I have a hard time keeping up with new music. Which is fairly ironic because I was a music major in college. But thankfully, my husband will introduce me to new bands and albums pretty regularly. A few weeks ago, Jakeb sent me a screenshot of The Head and the Heart’s newest record. If you haven’t heard of them, go listen. They’re pretty good.
I started listening to this album as I drove to work/errands/etc. I’d roll the windows down the windows and turn the volume up loud. I’d try to pick up on the lyrics as soon as I could so I could sing along.
When the seventh song came to an end and the eighth song made its debut into my world, I was immediately mesmerized by the lyrics. It was titled, “Colors.” The first line repeats itself throughout the song,
“I saw the colors fade away from you.”
Being an artist, this spoke to me in a few ways. For one, you can’t say the word “color” without my ears perking. That alone fully focused my attention as they began singing through my car stereo.
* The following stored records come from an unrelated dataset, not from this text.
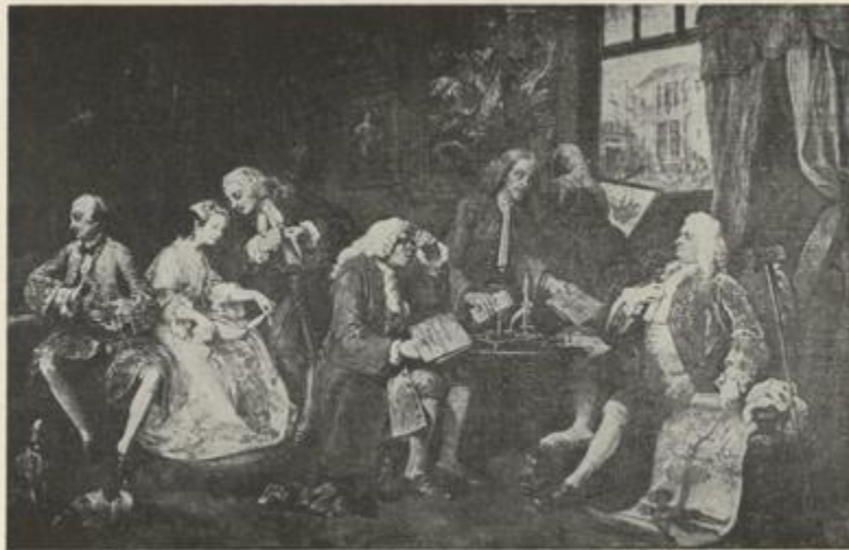
THE MARRIAGE CONTRACT—Hogarth

The first act in a great moral drama of five acts called "Marriage à la Mode." The series hangs in the National Gallery, London
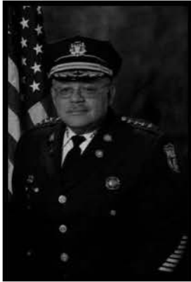
Police Commissioner, City of Philadelphia, Pennsylvania
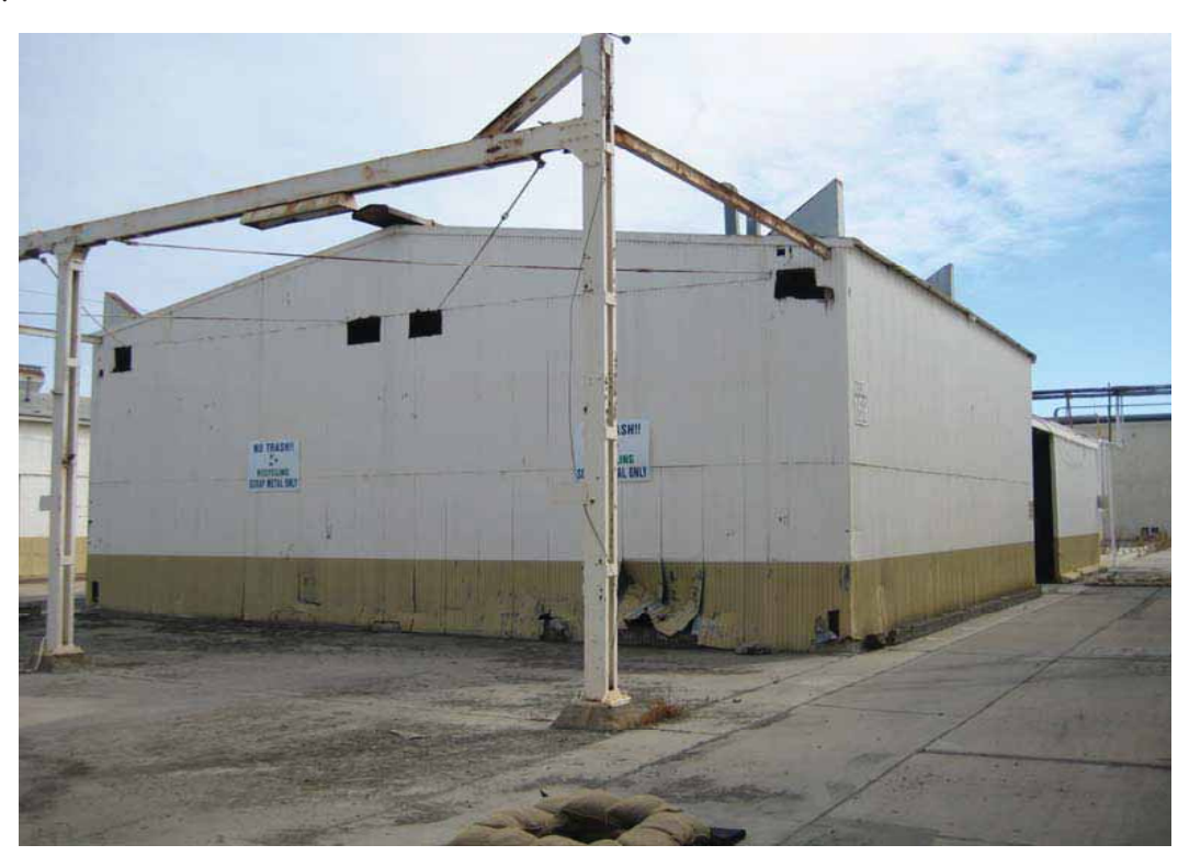
Building 169 - Pattern Staging Building, Northeast Oblique, San Diego, California, October 2009.
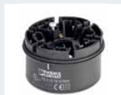
Order No. 2700095 Connection element with screw connection

Secondly, it immediately made me think of myself and other people that I know who are battling with depression. It felt like a beautifully tragic way to explain the way depression drains the life from your soul.
As you sink farther and farther into the sickness, the colors fade from your eyes. It’s as if life turns from a vibrant painting of a field full of daisies, full of dreams and possibilities, to a dark grey, blank canvas holding no life, dreams or hope.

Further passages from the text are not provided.